> **Work instruction**: Write out, word for word and with no pictures, each line below from the one containing "2月16日,贵州省从江县西山镇中寨教学点学生练习瑶族长鼓舞。" through the one containing "Pilot - P/O", both included, and no other line.

> **Records from a data collection**:
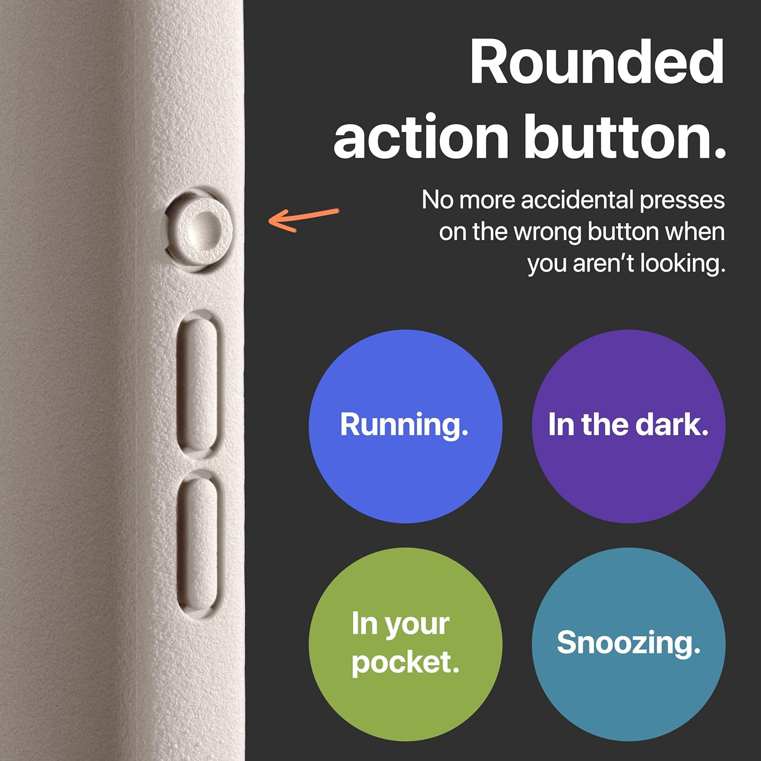 Cebinizde, karanlıkta veya koşarken eylem düğmesini kolayca bulun.
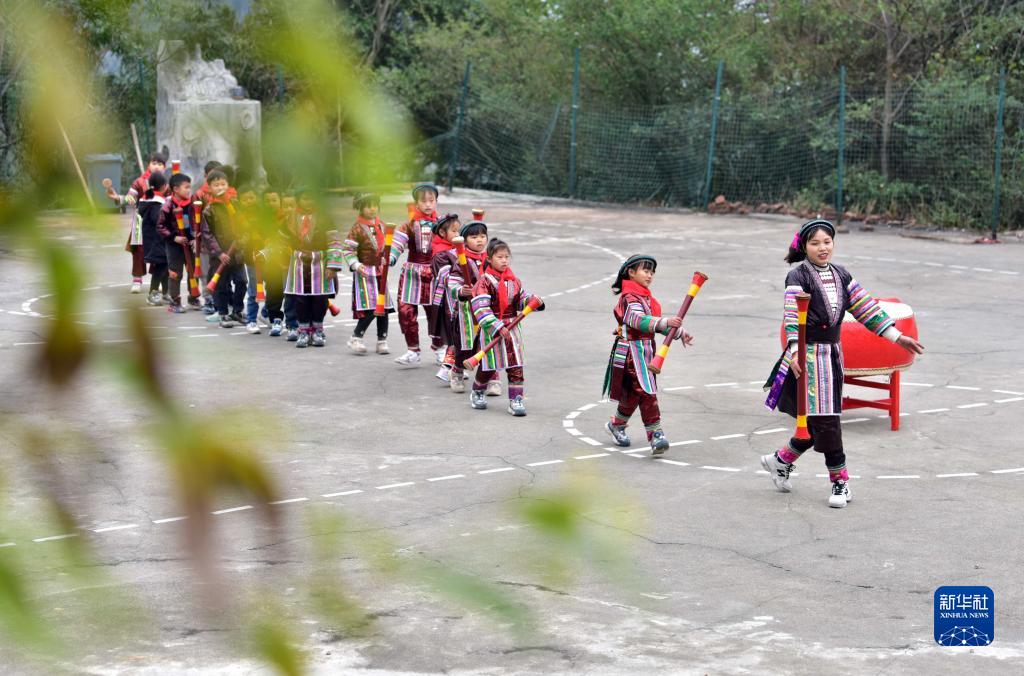 2月16日,贵州省从江县西山镇中寨教学点学生练习瑶族长鼓舞。
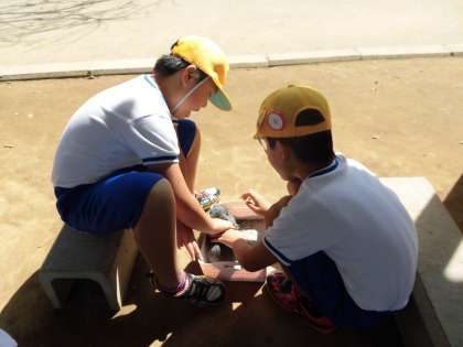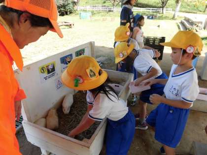 モルモットとのふれあいコーナーでは,こわごわとカゴに入れて,やさしく触っていました。
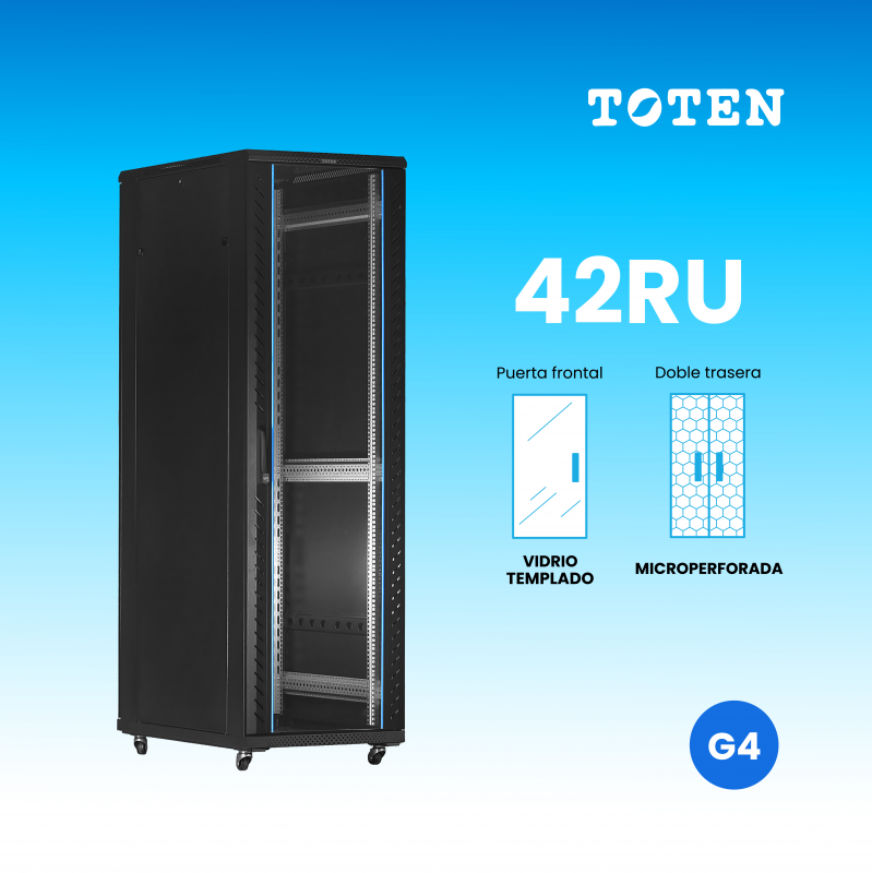 Gabinete de piso TOTEN de 42 RU, diseñado para aplicaciones que requieren acceso práctico, ventilación eficiente y alta capacidad de carga. Cumple con estándares internacionales de calidad y resistencia.
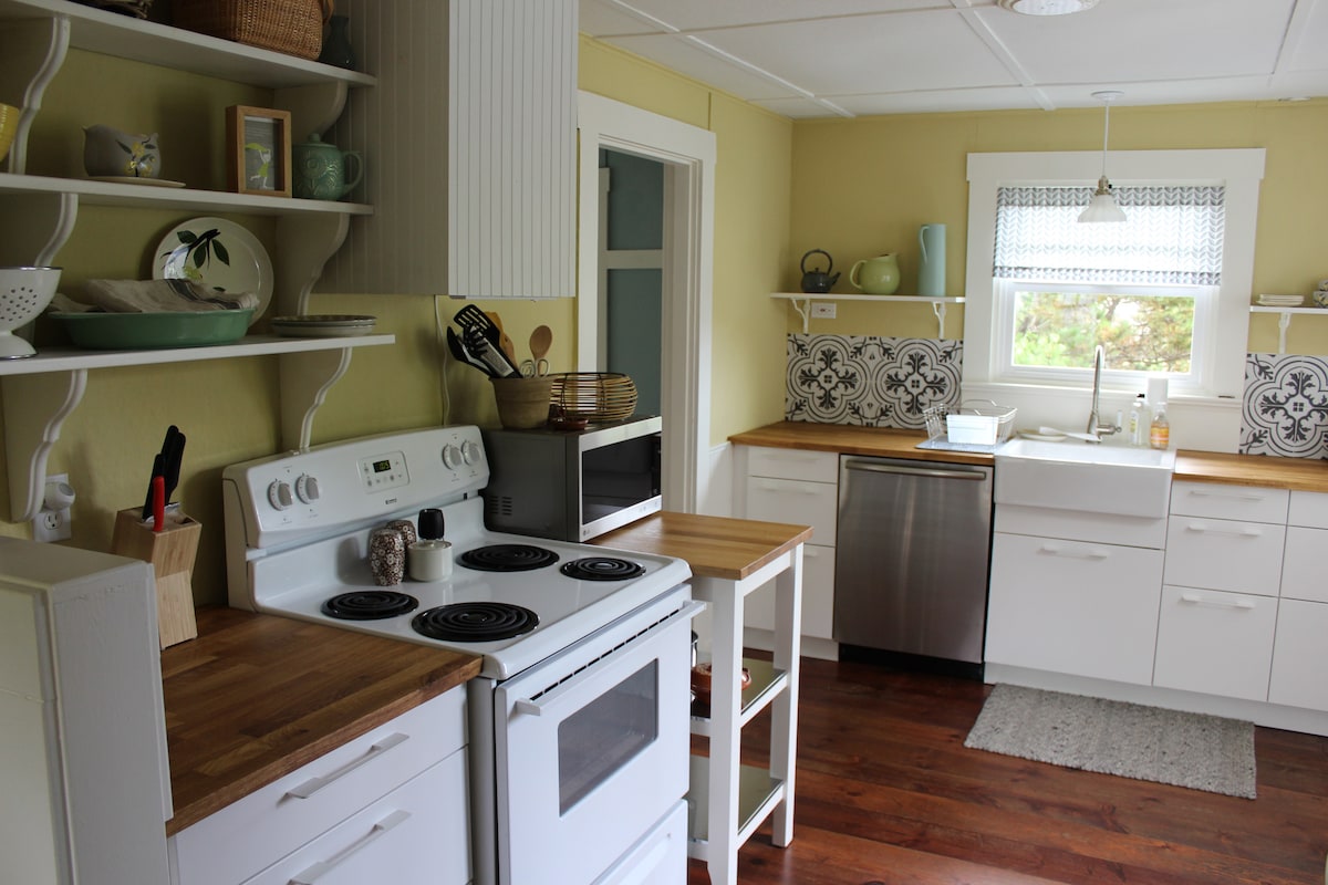 Casa de campo vintage recién remodelada. Llena de luz, encanto y amor. Artística, terrosa, conmovedora. A cinco minutos a pie del mar en un barrio tranquilo. Hermosos terrenos con un patio trasero aislado que da al este para disfrutar de la calidez de la mañana, la luz y el canto de los pájaros. La plataforma delantera y la pequeña terraza de arriba tienen vistas al mar. Cocina equipada con lavavajillas Bosch, nevera grande y nueva y todo lo que puedas necesitar para preparar una cena familiar o un lote romántico de palomitas de maíz. Tienda de comestibles a poca distancia a pie.
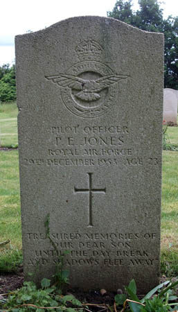 Pilot - P/O Peter Edward Jones RAF (2557800), aged 23. Buried Finningley Churchyard, Yorkshire.
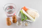 煮立てば白ネギ、エノキ、ニンジンを加える。再び煮立てば、火を少し弱めて2~3分煮る。塩、コショウで味を調えて火を止め、器によそう。
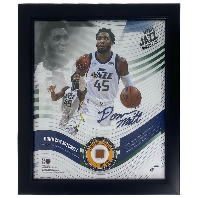 DONOVAN MITCHELL Utah Jazz Framed 15" x 17" Game Used Basketball Collage LE 1/50
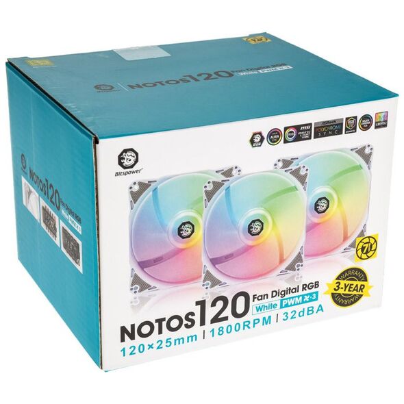 Στην περίπτωση του Notos 120, η Bitspower έδωσε ιδιαίτερη έμφαση στην αποτελεσματική ψύξη και σε μια λογική τιμή. Η μέγιστη ταχύτητα των 1800 rpm επιτρέπει τη μέγιστη μάζα αέρα. Χάρη στην καλή στατική πίεση 1,2 mm H2O, τα Notos 120 είναι επίσης κατάλληλα για χρήση μπροστά ή πίσω από την ψύκτρα. Οι λαστιχένιοι προφυλακτήρες στις γωνίες των ανεμιστήρων εξασφαλίζουν αθόρυβη λειτουργία, αποτρέποντας τους κραδασμούς και τους δυσάρεστους θορύβους ακόμη και σε υψηλές ταχύτητες.
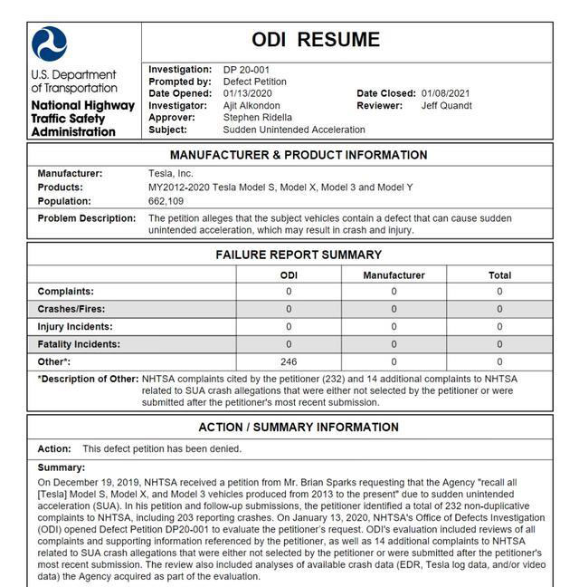該機構(gòu)于 2019 年 10 月收到一份請愿書,希望針對特斯拉 2012-2020 年生產(chǎn)的 Model S、Model X、Model 3、Model Y 車型展開調(diào)查,這一批車輛共計 66.2 萬輛。請愿書懷疑這些車輛有著突然自動加速的故障。NHTSA 調(diào)查了 232 起不重復(fù)的投訴,其中包含 203 起事故。在 2020 年 1 月 13 日,該機構(gòu)缺陷調(diào)查辦公室(ODI)依據(jù)請求展開了這項調(diào)查,審核人員分析了相關(guān)車輛的日志數(shù)據(jù)和車內(nèi)視頻。
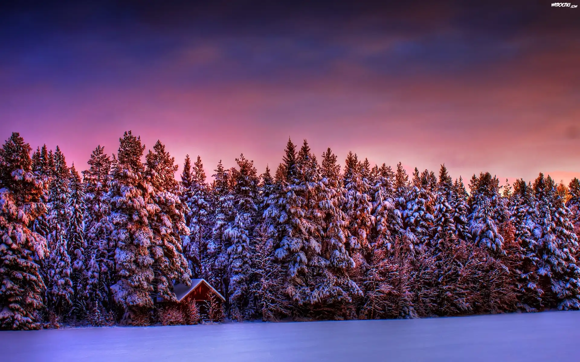 Zdjęcia, Zachód, Słońca, Świerki, Zima
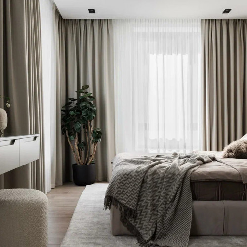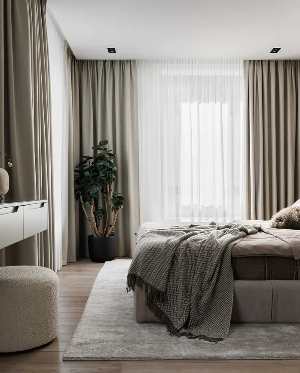 Спальня выстроена на нюансах фактур и света. Основной акцент — стена за изголовьем, оформленная крупноформатными панелями под штукатурку. Массивная кровать с мягкой обивкой и многослойным текстилем. У зеркала размещена встроенная консоль с пуфом — компактная зона для макияжа.

> **Answer box**:
 2月16日,贵州省从江县西山镇中寨教学点学生练习瑶族长鼓舞。
 モルモットとのふれあいコーナーでは,こわごわとカゴに入れて,やさしく触っていました。
 Gabinete de piso TOTEN de 42 RU, diseñado para aplicaciones que requieren acceso práctico, ventilación eficiente y alta capacidad de carga. Cumple con estándares internacionales de calidad y resistencia.
 Casa de campo vintage recién remodelada. Llena de luz, encanto y amor. Artística, terrosa, conmovedora. A cinco minutos a pie del mar en un barrio tranquilo. Hermosos terrenos con un patio trasero aislado que da al este para disfrutar de la calidez de la mañana, la luz y el canto de los pájaros. La plataforma delantera y la pequeña terraza de arriba tienen vistas al mar. Cocina equipada con lavavajillas Bosch, nevera grande y nueva y todo lo que puedas necesitar para preparar una cena familiar o un lote romántico de palomitas de maíz. Tienda de comestibles a poca distancia a pie.
 Pilot - P/O Peter Edward Jones RAF (2557800), aged 23. Buried Finningley Churchyard, Yorkshire.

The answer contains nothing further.